In this phase, we are conducting **full-scale testing** using:

- All **30 standardized prompts**
- **Thematic coverage** across multiple domains

To optimize costs while scaling, **GPT-3.5 Turbo** will be used for the majority of generation tasks, with **GPT-4o** reserved for select quality benchmarks.

# Table of Content
[1 Notebook Setup](#scrollTo=MBpySaJkWRIZ)

[2 System Prompt and Thematic Prompt](#scrollTo=rY2BmiQp57ql)

>[2.1 Thematic prompt (user seed/seed prompts)](#scrollTo=drfq9MMEf9WQ)

>[2.2 System Prompt Template](#scrollTo=1d2mY94IDf1A)

[3 Generate Instruction-Tuning Pairs](#scrollTo=JuCaCu5Q6dDv)

[4 Save Output as JSONL for Fine-Tuning](#scrollTo=iHr5ky2H6hWd)



In [None]:
## To check your memory
# !nvidia-smi
# from psutil import virtual_memory
# print(virtual_memory().total/1e9, "GB RAM")

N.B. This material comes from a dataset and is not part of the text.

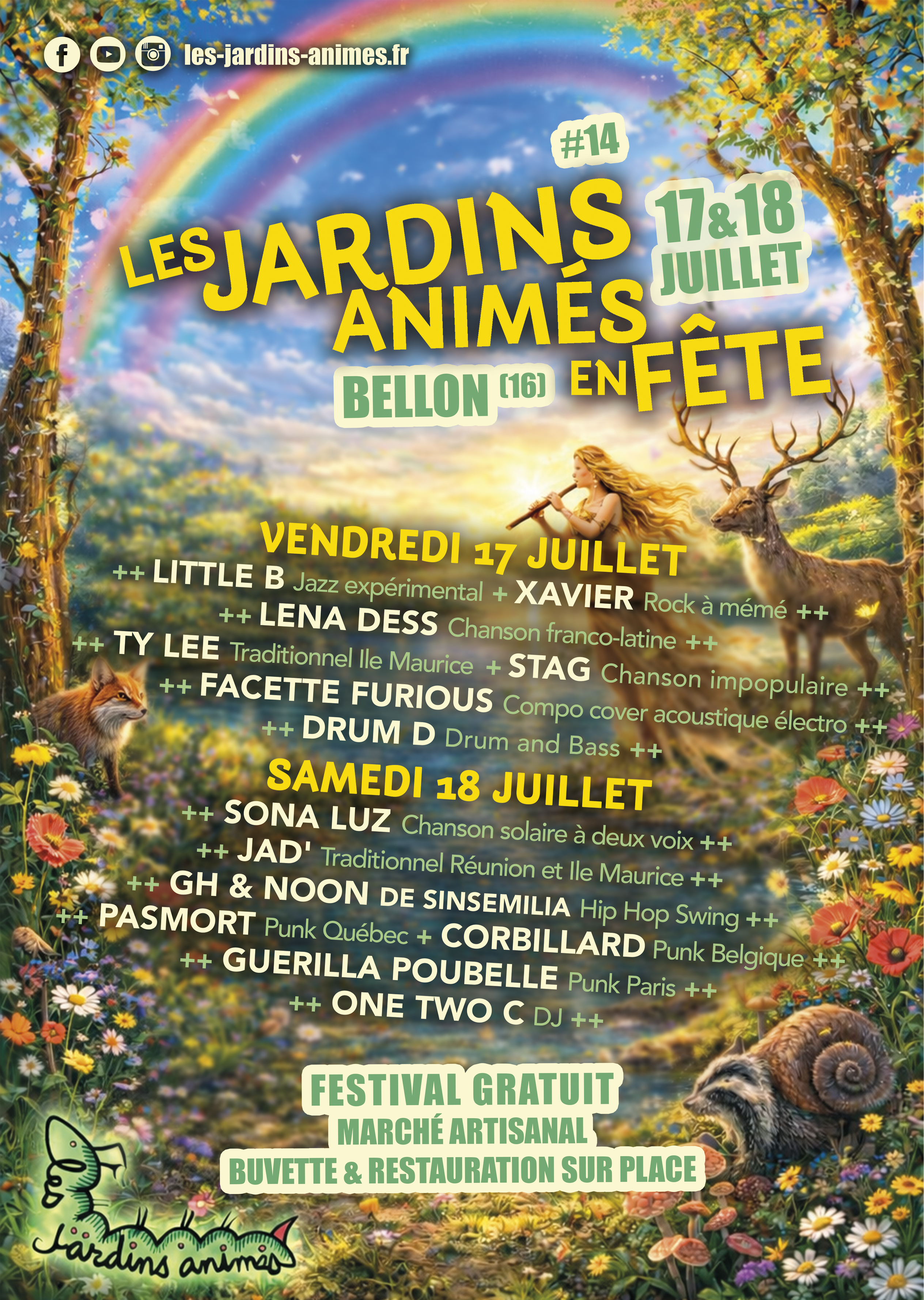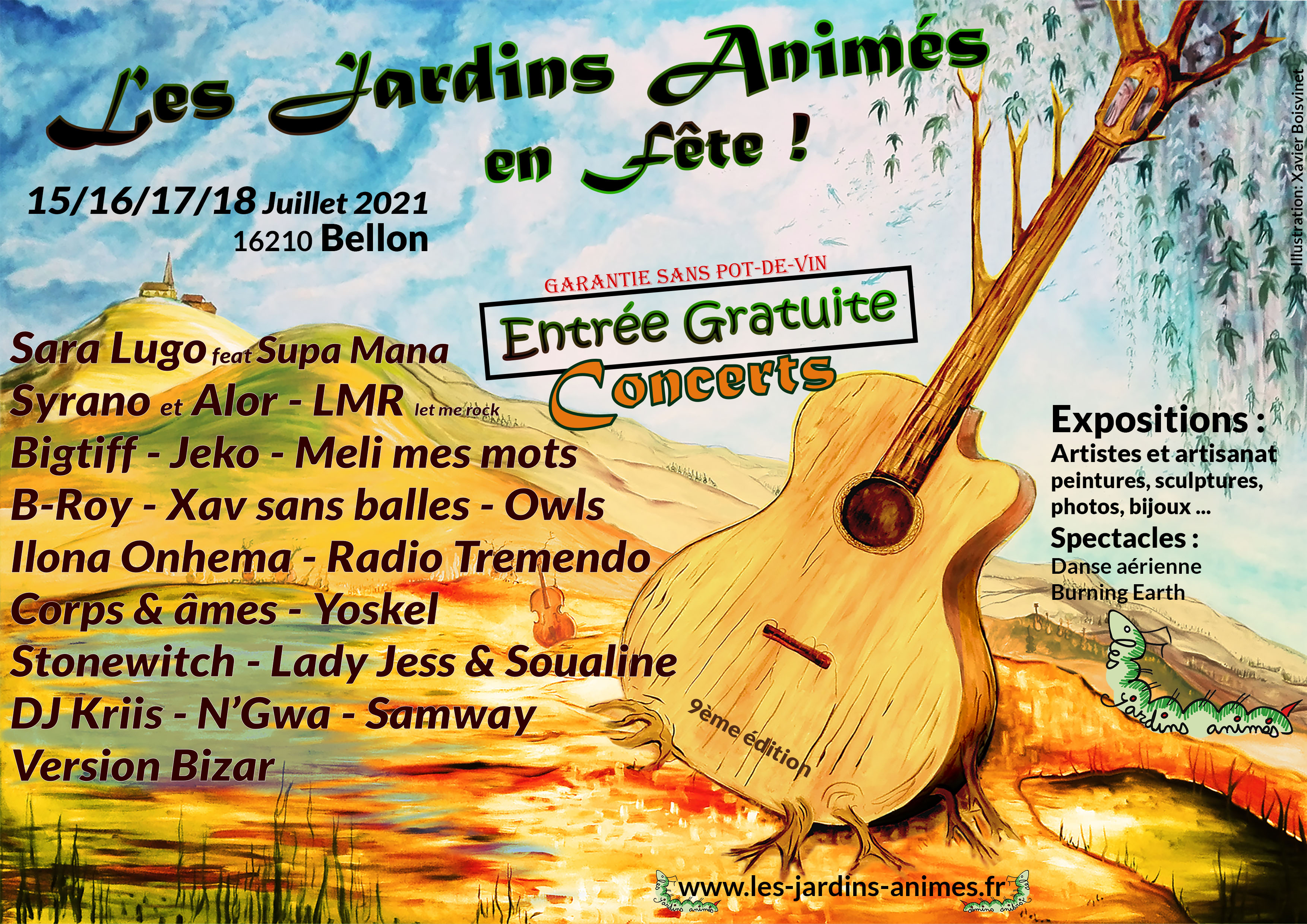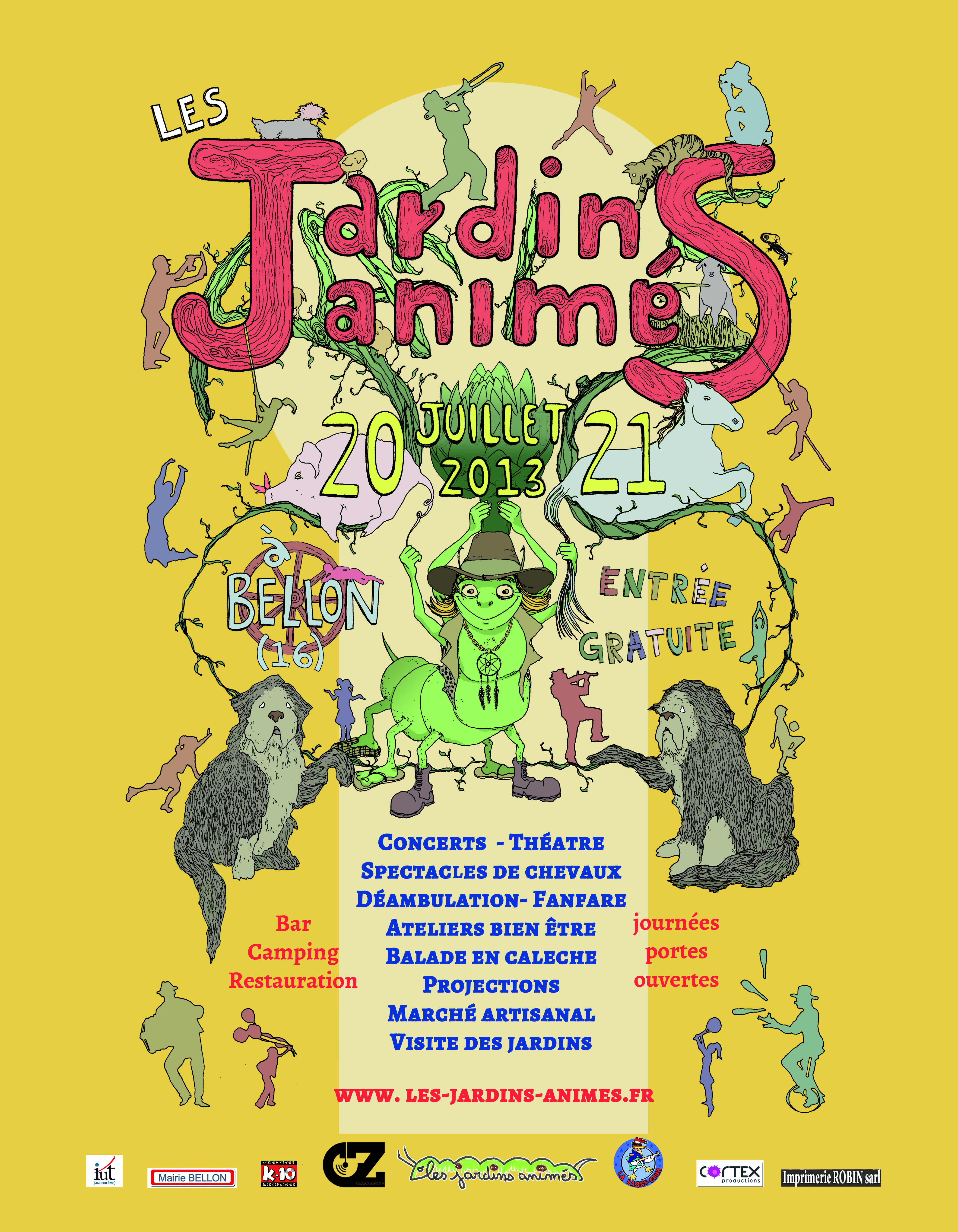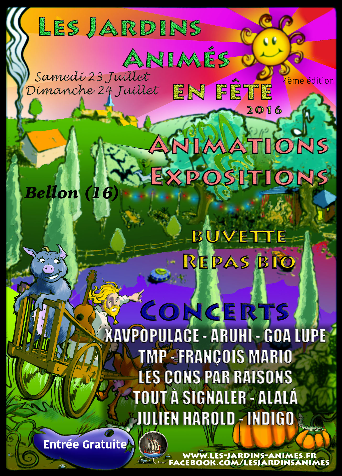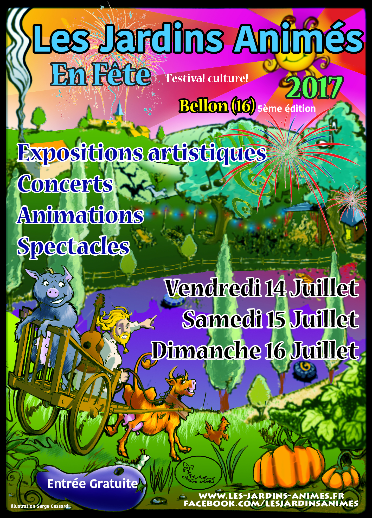 Depuis 2012, le Festival "Les Jardins Animés en Fête" a attiré des centaines d'artistes : musiciens, circassiens, peintres, sculpteurs et bien d'autres talents. Chaque année, ce festival transforme un petit coin de Sud Charente en un carrefour culturel vibrant où la créativité n'a pas de limites. La prochaine édition : 17 et 18 juillet 2026 à Bellon (16). Venez créer avec nous !

# Reason for using GPT and with 3.5 Turbo

## Model Comparison for Synthetic Generation

## Usage Cost and Output Quality

## Reason for using GPT-4o and GPT-3.5 Turbo

### Model Comparison for Synthetic Generation

| Model            | Input (per 1K tokens) | Output (per 1K tokens) | Estimated Total (Prompt + Response) | Context Length | Output Quality Summary                                                                                           |
|------------------|-----------------------|------------------------|-------------------------------------|----------------|-------------------------------------------------------------------------------------------------------------------|
| **GPT-4o**       | \$0.005               | \$0.015                | ~\$0.020                            | ~128K tokens   | High-quality, diverse, logical; suitable for complex tasks and academic use                                       |
| **GPT-3.5 Turbo**| \$0.0005              | \$0.0015               | ~\$0.002                            | Shorter        | Lower diversity, more repetitive; cost-effective for scalable synthetic generation                                |


GPT‑4o delivers significantly better performance in terms of reasoning, diversity, and handling long contexts. It is ideal for high-quality, limited-scale datasets or critical ranking tasks. On the other hand, GPT‑3.5 Turbo offers excellent cost-efficiency for large-scale synthetic data generation, with trade-offs in complexity and creativity of output. A hybrid strategy—using GPT‑3.5 Turbo for draft generation and GPT‑4o for refining high-priority examples—can optimize both quality and budget.


# 1 Notebook Setup

In [None]:
!pip install --upgrade openai

Collecting openai
  Downloading openai-1.93.3-py3-none-any.whl.metadata (29 kB)
Downloading openai-1.93.3-py3-none-any.whl (755 kB)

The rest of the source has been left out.